Literature of Recent British Diplomacy

1. (a) Seeley, The Growth of British Policy.[1]

The work is of great value for its way of appreciating questions of international 'policy' in general, for an interpretation of the international policy of Britain from the accession of Elizabeth to the early years of the eighteenth century, and for the skill with which the author shows the historical background of modern Britain in its relation to foreign States. The work was needed.

'In France, where for a long time constitutional development, if it existed, escaped notice, still more in Germany, where it was petty and uninteresting, history leaned towards foreign affairs, But in England, the home of constitutionalism, history leaned just as decidedly in the opposite direction. English eyes are always bent upon Parliament, English history always tends to shrink into mere parliamentary history, and as Parliament itself never shines less than in the discussion of foreign affairs, so there is scarcely a great English historian who does not sink somewhat below himself in the treatment of English foreign relations.'[2]
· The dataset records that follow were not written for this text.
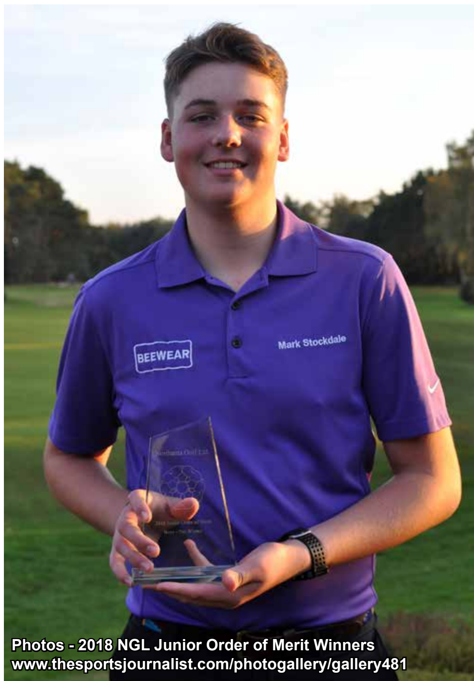
Photos - 2018 NGL Junior Order of Merit Winners www.thesportsjournalist.com/photogallery/gallery481
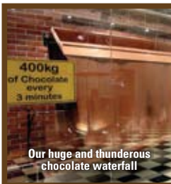
400kg of Chocolate every 3 minutes
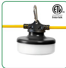
LED CordLights 15,000 Lumens P/Ns 16140 & 16145
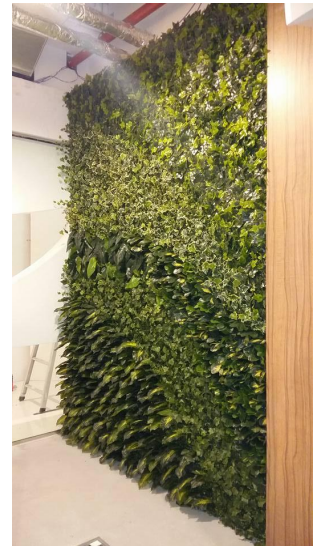
#14 Artificial Green Wall
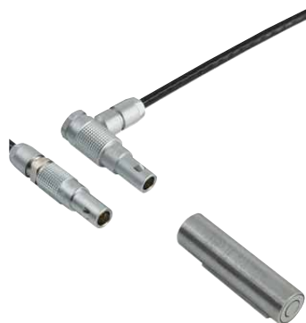
D-510.021 with LEMO connector for easy handling

Single-electrode capacitive (capacitance) sensors are direct metrology devices. They use an electric field to measure change of capacitance between the probe and a conductive target surface, without physical contact. This makes them free of fric-
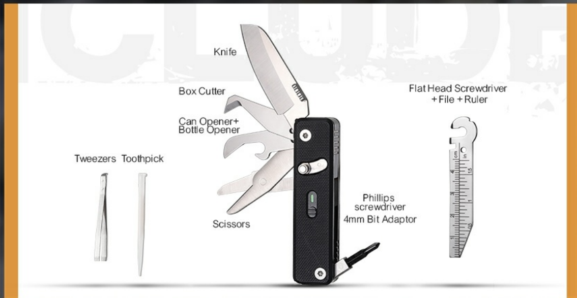
Figure 5: Overview of pre-installed and bonus tools.

Comes with 7 pre-installed tools and 1 additional tool, giving you even more versatility right out of the box. (4mm Bit Adaptor can not be replaced, bit and other tools are changeable.)
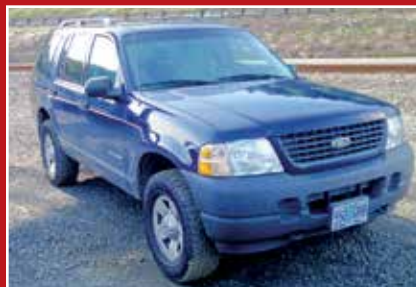
2004 FORD EXPLORER
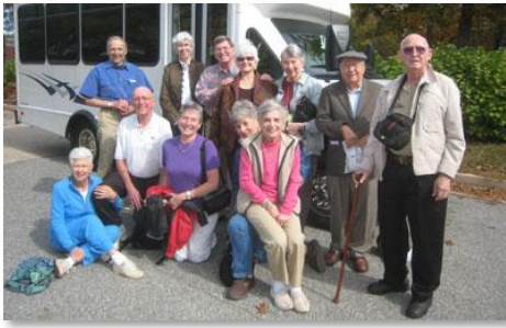
Super'Lites on their annual trek to supervise the changing of colors for North Georgia's fall foliage
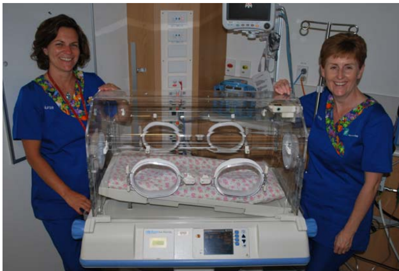
SCBU specialist RN's with an Isolette incubator
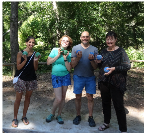
(r) Bocce ball battle!
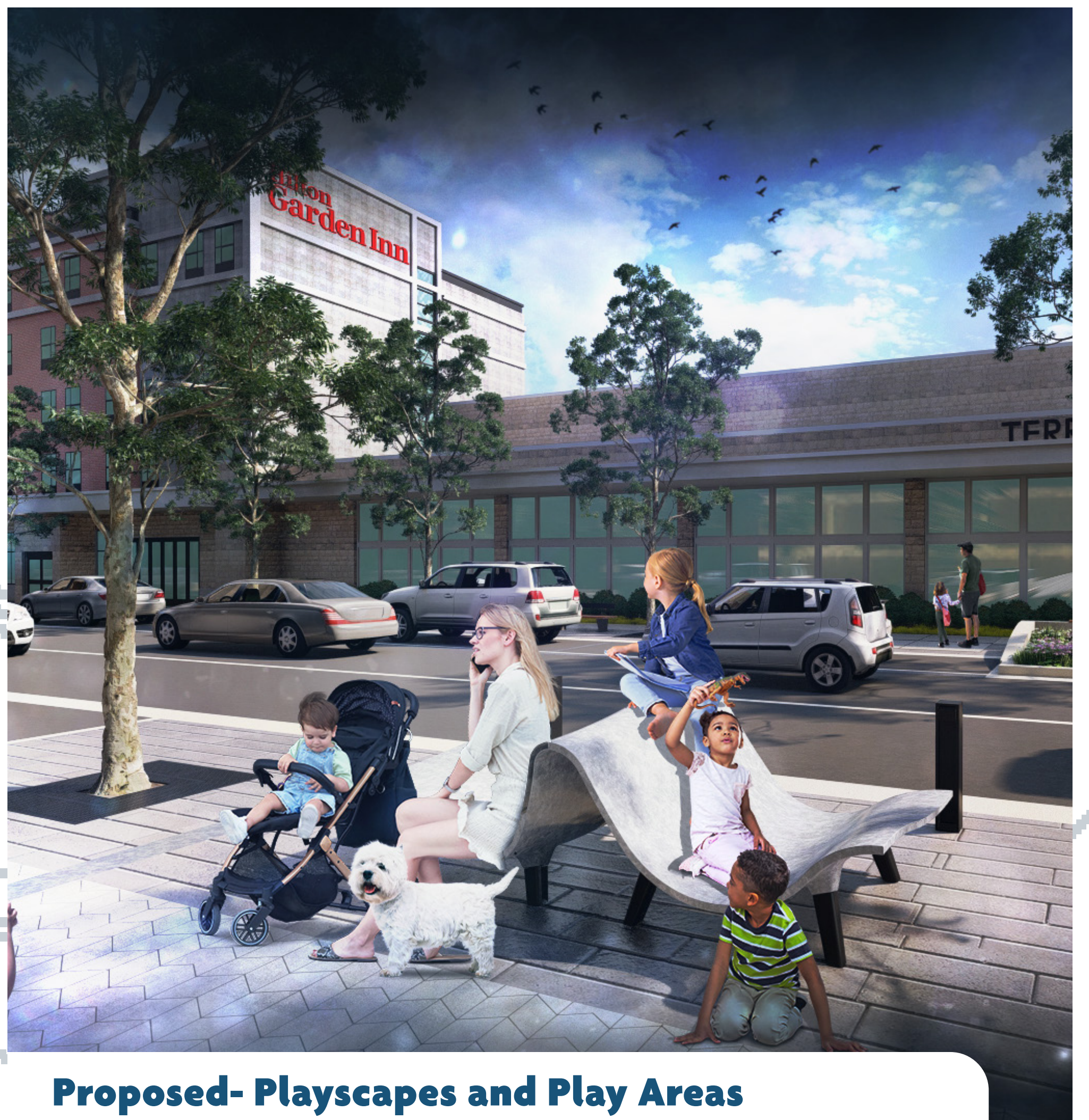
Proposed- Playscapes and Play Areas
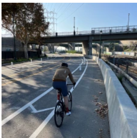
Eyes on the Street: New Bike Lanes on Avenue 19 and First Street
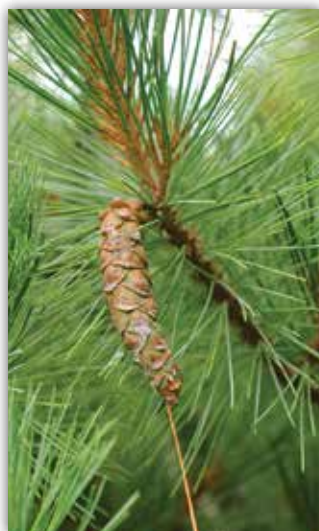
EASTERN WHITE PINE

Each year we produce a variety of native conifer and hardwood seedlings and transplants along with ground covers, landscaping shrubs and perennials. We offer the broadest selection of plant material available from one nursery. Musser Forests grown plants are shipped throughout the entire United States.
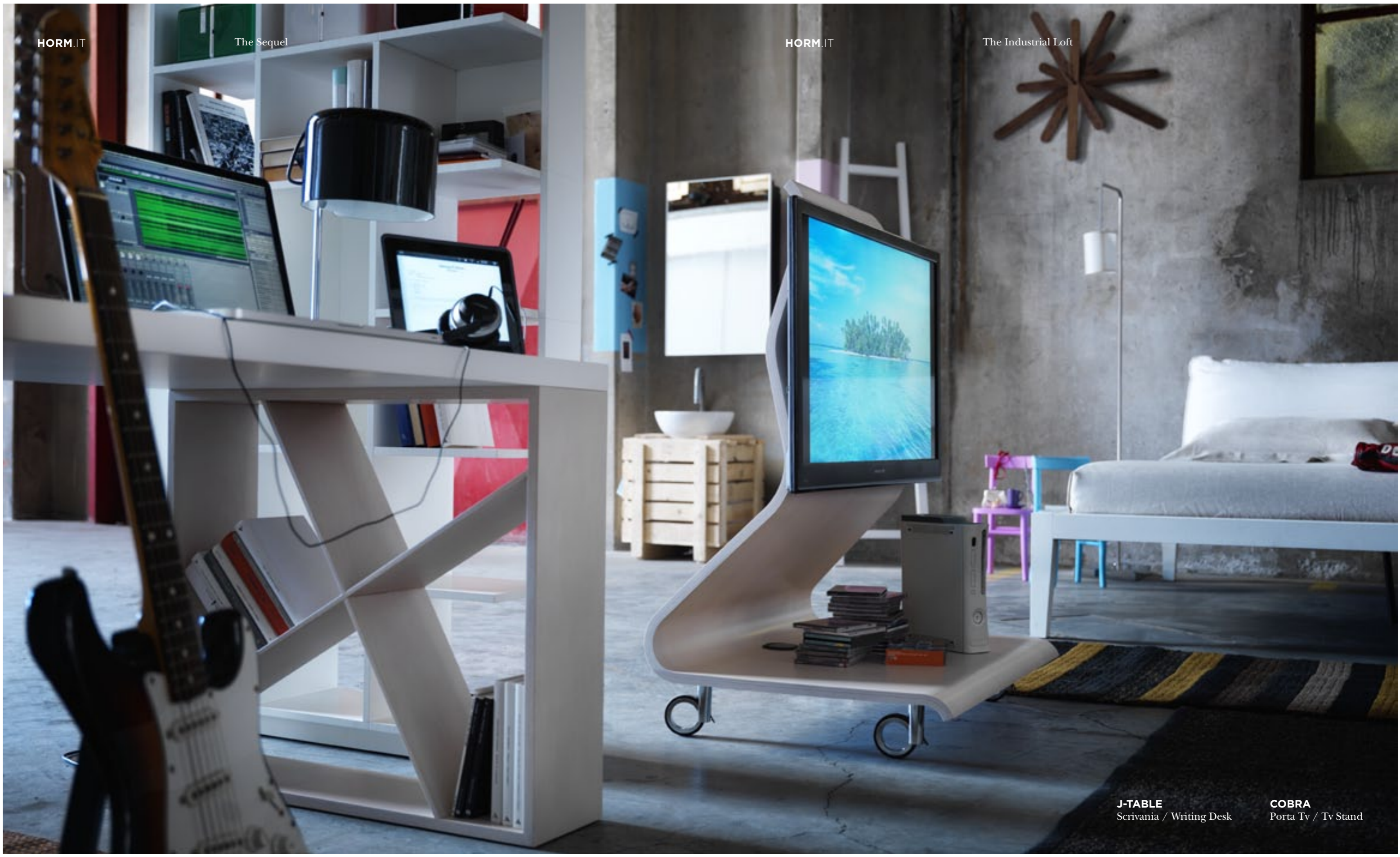
J-TABLE Scrivania / Writing Desk
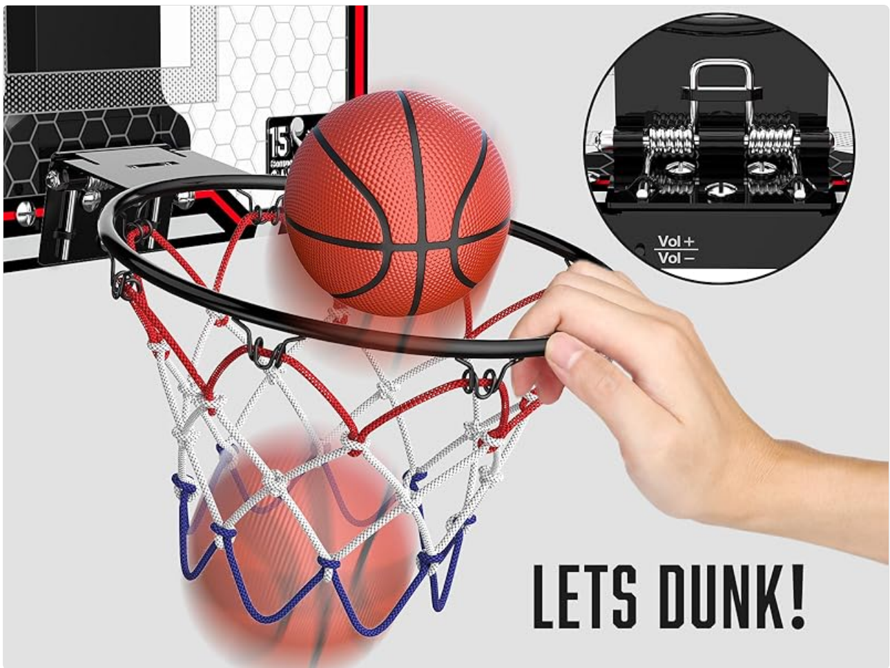
Image: The backboard with mounting hooks installed over a door.
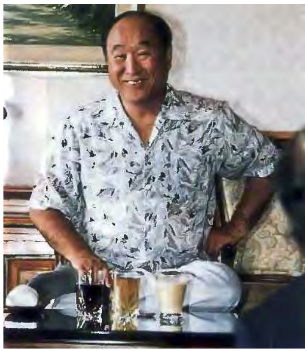
True Father welcomes the representatives of 120 nations to his home in Korea for the Seoul Olympics

The Games of the XXIV Olympiad took place from September 17 to October 2, 1988, in Seoul. The “Seoul Olympics” were significant not only for Korea as the second Asian nation to host the Olympic Games but also for the world, as the games brought together athletes from the communist and free-world nations for the first time since 1976. These also were the last Olympic Games for the Soviet Union and East Germany, both of which would cease to exist by the time of the next Olympic Games in 1992. True Father recognized this and made a special effort to welcome Eastern Bloc and Soviet athletes, providing them with generous gifts and invitations to cultural events. Although Coca-Cola was the official soft drink of the Games, athletes, friends and officials of many nations accepted more than 40,000 cans of McCol and bottles of Ginseng-Up. Following the completion of the Games, True Father proposed the holding of a World Festival of Culture (later designated as the World Culture and Sports Festival) as an “internal” complement to the Olympic Games.
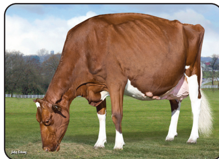
KHW Regiment Apple-Red-ET "4E-96" World Champion Red & White Cow Granddam of Lot 8
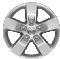
17-inch aluminum Standard on Express® and SLT (WFE)
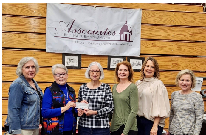
Magnolia Associates gave their first donation check for student scholarships!

The detailed year-end financial statement will be provided at our fall national meeting on September 9.
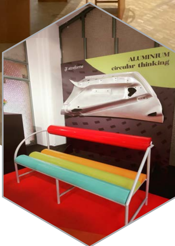
Precious metal components from cars reused
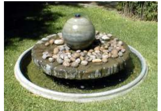
RIO PEBBLE FOUNTAIN 1,3m diam
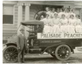
Photo of Palisade Peach Float (1979.23.79)
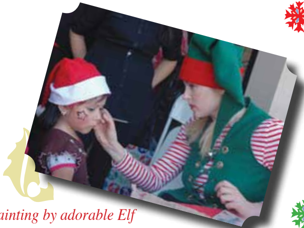
Facepainting by adorable Elf
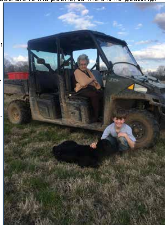
Chuck's Mom, "Bama", coming out to tag calves.
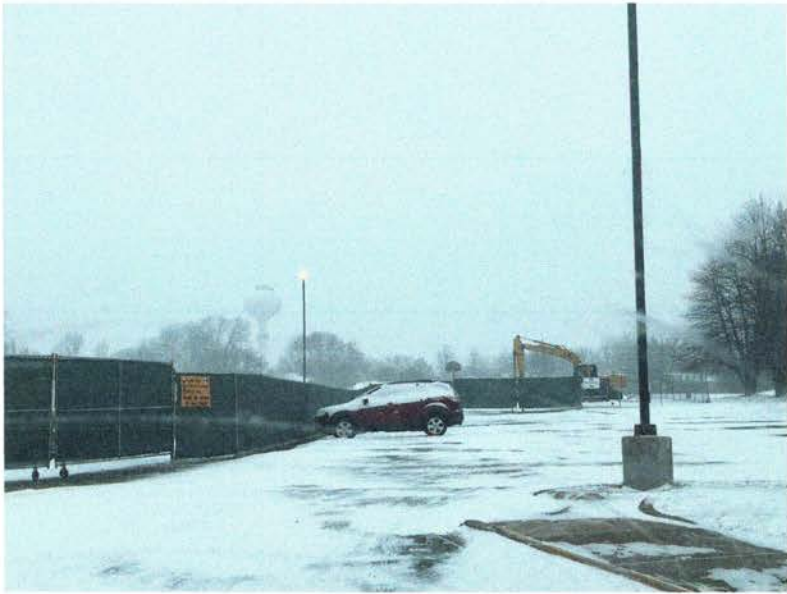
12/22/2022 After Snow
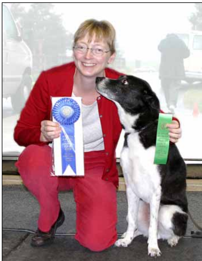
Me & my High In Trial dog, Tycho, at the 2004 specialty.
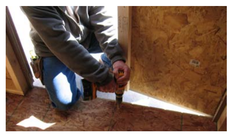
99. Now use your 5/16" drill bit to drill the hole.
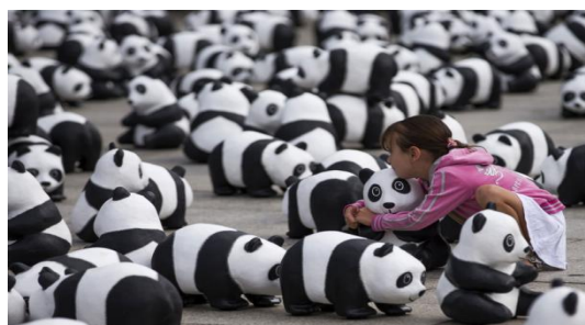
Figure 4. 1600 paper pandas

The main interactive elements of the work include a strong visual impact, interesting furnishings, and a small enclosed space of installations and environment to form an immersive installation art, which works place dozens of mushrooms in small spaces around the lawn, allowing the public to enter and interact with them. (Figure 5) This constitutes an immersive device that combines with its surroundings to create a special interactive art form. The combination of these interacting factors can close the distance between the public and art, and enable the public to observe, contact, think more deeply, communicating and interacting with art. This unique, interesting way of communication, not only people can be happy in the soul, but also people can experience the fun of art together.
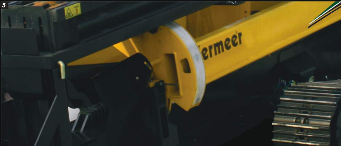
5: Optional front-mounted stakedown system : helps reduce the amount of time and materials needed to set up the drill for enhanced jobsite efficiency.
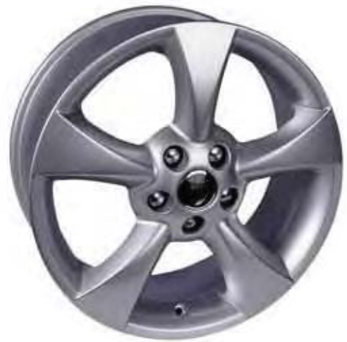
HERAKLES 17" XR8 43330
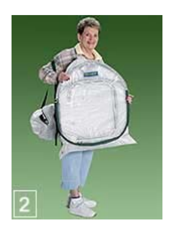
Step 2: Allow your PlantHouse 2' ™ to spring open. CAUTION: Be Sure to hold your PlantHouse™ away from your face as it will Spring open.
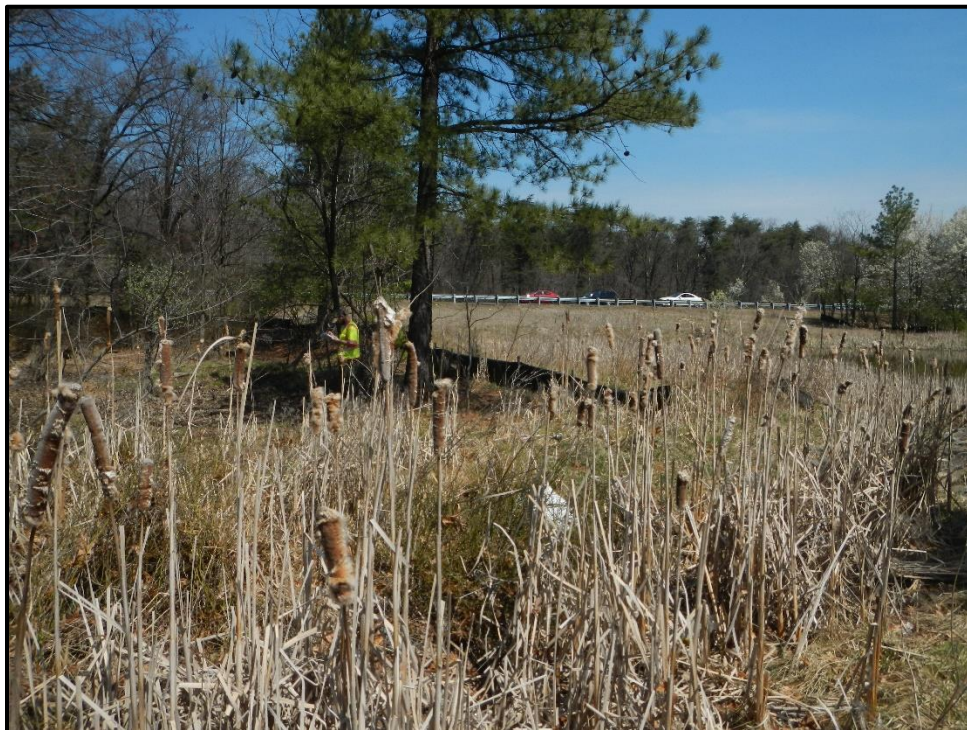
Wetland 12CC – PFO

The work may seem, at points, to treat in too large outline international changes, such as, for example, were initiated by Richelieu,[3] and to ascribe too boldly to the English Revolution important changes effected;[4] and in particular it may seem to pursue too assiduously, though with more reserve than in The Expansion of England, the quest for tendency, for some large conclusion, the formula. But it is a work unsurpassed in Britain for its suggestiveness in the realm of international policy; for its gift of relating causes to effects, motives and principles to policy and action; of relating the domestic to the foreign, the insular to the international; for its grasp of inter-connexions and inter-dependences in the causes and consequences of great events. These qualities are exhibited in the author's treatment of the dangers to Elizabethan England from the Powers of the Counter-Reformation,[5] and the winning by England of 'a self-confidence which it has never lost since'.[6] 'If the Muse is asked to say what first caused the discord which brought the Spanish Armada to our shores, she must answer that it was the conviction which the Spaniards formed that they could not deal with the rebellion in the Low Countries without dealing at the same time with the English question.'[7] The same qualities of the author are shown not less clearly and fruitfully in his analysis of the place of the English Revolution in relation to international affairs and the liberties of Europe,[8] in his estimate of the work of William III, 'the pius Aeneas, who bears the weight of destiny,'[9] and in his comparison and linking of the policy of Elizabeth, of Cromwell, and of William.[10] 'What began about 1567 with the commencement of the Dutch rebellion is in a sense completed at the Treaty of Utrecht. For us the result is that our state begins to assume the character of a great Trade Empire. … The second Revolution, which seemed to take its rise in religion, ends in commerce; it results, if we regard it comprehensively, in establishing a greater commercial state than the world had yet seen.'[11]

(b) Egerton, British Foreign Policy in Europe to the End of the 19th century.[12]

There is no work that gives a continuous account of British diplomacy and foreign policy on a scale commensurate with the importance of the subject; and it is a task that cannot be discharged adequately by the labour, knowledge, and good judgement of one man only. In the absence of such a work, this book will be found of use as a general introduction to the study of the subject.[13] It is more especially concerned with British foreign policy during the nineteenth century, and in the exposition of policy 'from the eve of the French Revolution' the author has 'called in aid the actual words, written or spoken, of the leading statesmen and diplomatists who were responsible' for its conduct.[14]

2. The Cambridge Modern History, vols. xi and xii, and The Political History of England, vol. xii; Lavisse and Rambaud, Histoire générale, vol. xii.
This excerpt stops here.